Reduce this equation using the quadratic formula, factoring, or other algebraic method to determine the other zeros of the function.
F(x)= 4x^4 - x^3 - 11x^2 -2x +6
4x^4-11x^2+6=(x^2-2)(4x^2-3)
x^3-2x=x(x^2-2)
then you have a common factor, (x^2-2) that can be factored, and it will reduce rapidly
To find the zeros of the function F(x) = 4x^4 - x^3 - 11x^2 - 2x + 6, we need to solve the equation F(x) = 0. There are different methods we can use, such as factoring, the quadratic formula, or other algebraic methods.
Let's try factoring the equation first:
Step 1: Arrange the equation in descending order of powers of x:
4x^4 - x^3 - 11x^2 - 2x + 6 = 0
Step 2: Look for any common factors that we can factor out. In this case, there is no common factor that can be factored out.
Step 3: Try factoring by grouping or using trial and error. Unfortunately, the equation at hand does not lend itself easily to factoring by grouping or using simple trial and error.
Since factoring does not seem to be straightforward in this case, let's try to use another method, such as the quadratic formula.

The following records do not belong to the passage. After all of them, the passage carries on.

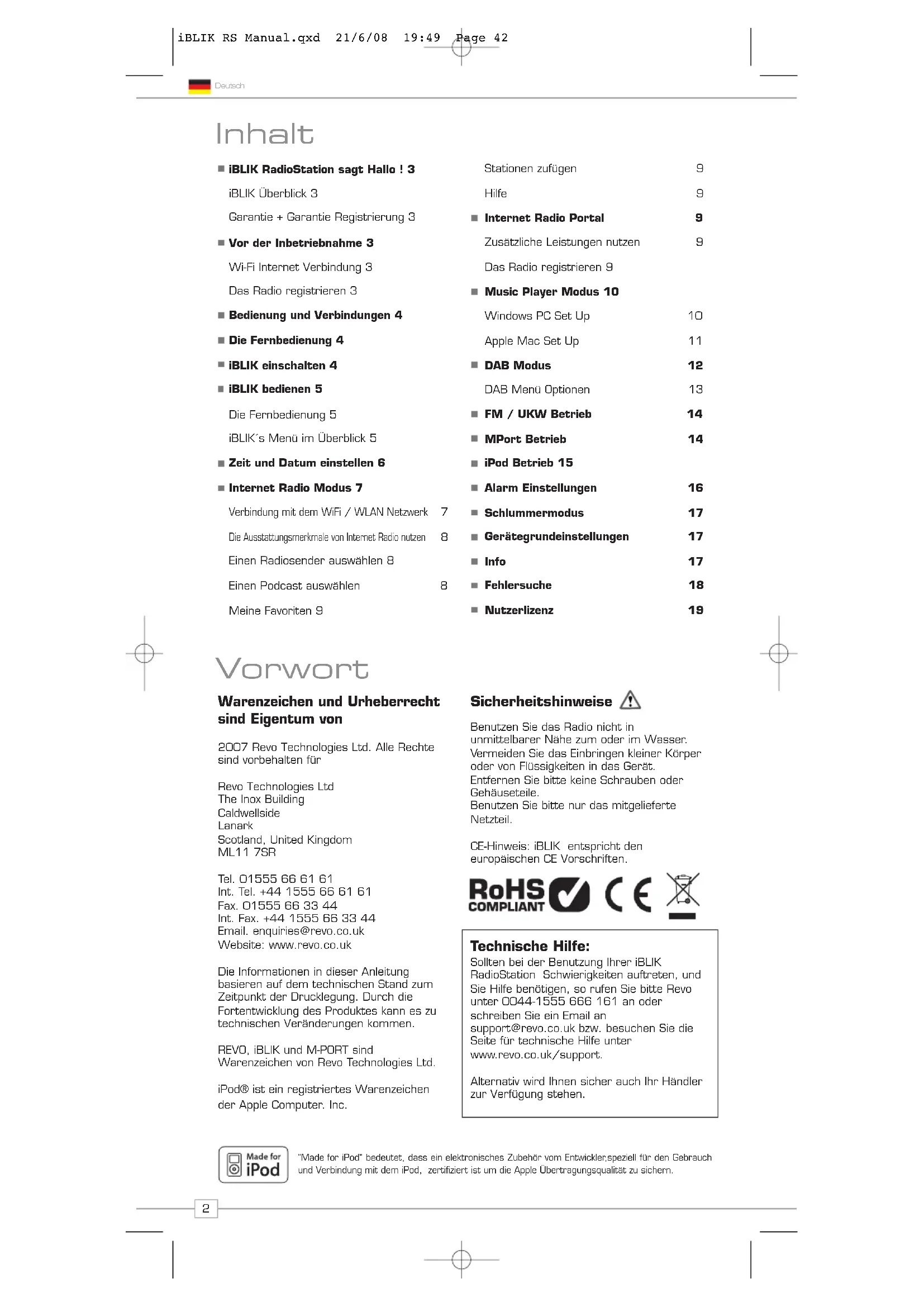 Sollten bei der Benutzung ihrer iBLIK RadioStation Schwierigkeiten aufreten, und Sie Hilfe benotigen, so rufen Sieitte Revo unter 0044-1555 666 161 an oder schreiben Sie ein Email an support@revo.co.uk bzw. besuchen Sie die Seite fur technische Hilfe unter www.revo.co.uk/support.
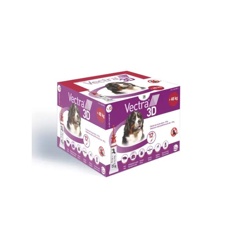 VECTRA 3D es un producto que actúa por contacto y gracias a su efecto repelente protege frente a los principales parásitos que afectan a las mascotas. Vectra 3D es eficaz frente a pulgas, garrapatas, flebotomos, mosquitos y mosca del establo.
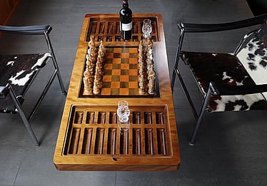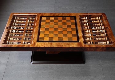This chess table is a single slab of ancient Kauri carved to hold and display the beautifully hand turned Chess pieces. The table is solid Ancient Kauri with Puriri (native NZ timber) inlayed into the Ancient Kauri slab with a Wenge frame. The base is a modern pedestal style made of ancient Kauri with a solid Wenge base. The Chessmen are all hand turned from Kauri and Puriri and sport turned deer antler for their capes and bases. The pieces are so beautiful, they deserve to be displayed and are housed beneath low iron crystal clear toughened glass when not in use. The Glass tops are flush with the chess table and serve as a flat surface.

Step 1: Identify the coefficients of the equation:
a = 4, b = -1, c = -11
Step 2: Apply the quadratic formula:
The quadratic formula states that the solutions to the quadratic equation ax^2 + bx + c = 0 can be found using the formula:
x = (-b ± √(b^2 - 4ac)) / (2a)
Applying this formula to our equation, we have:
x = (-(-1) ± √((-1)^2 - 4 * 4 * (-11))) / (2 * 4)
= (1 ± √(1 + 176)) / 8
= (1 ± √177) / 8
So, we have found the first two zeros of the function.
To determine the other zeros of the function, we can use long division or synthetic division to reduce the equation further. Dividing the original polynomial by (x - k), where k is one of the two zeros we already found, will give us a quotient that is a lower-degree polynomial. By repeating this process, we can eventually reduce the polynomial to a quadratic or linear equation and find the remaining zeros.
However, since the quadratic formula already gave us the zeros of the equation, there are no other zeros to find in this case.
In summary, the zeros of the function F(x) = 4x^4 - x^3 - 11x^2 - 2x + 6 are given by the solutions of the quadratic equation (1 ± √177) / 8.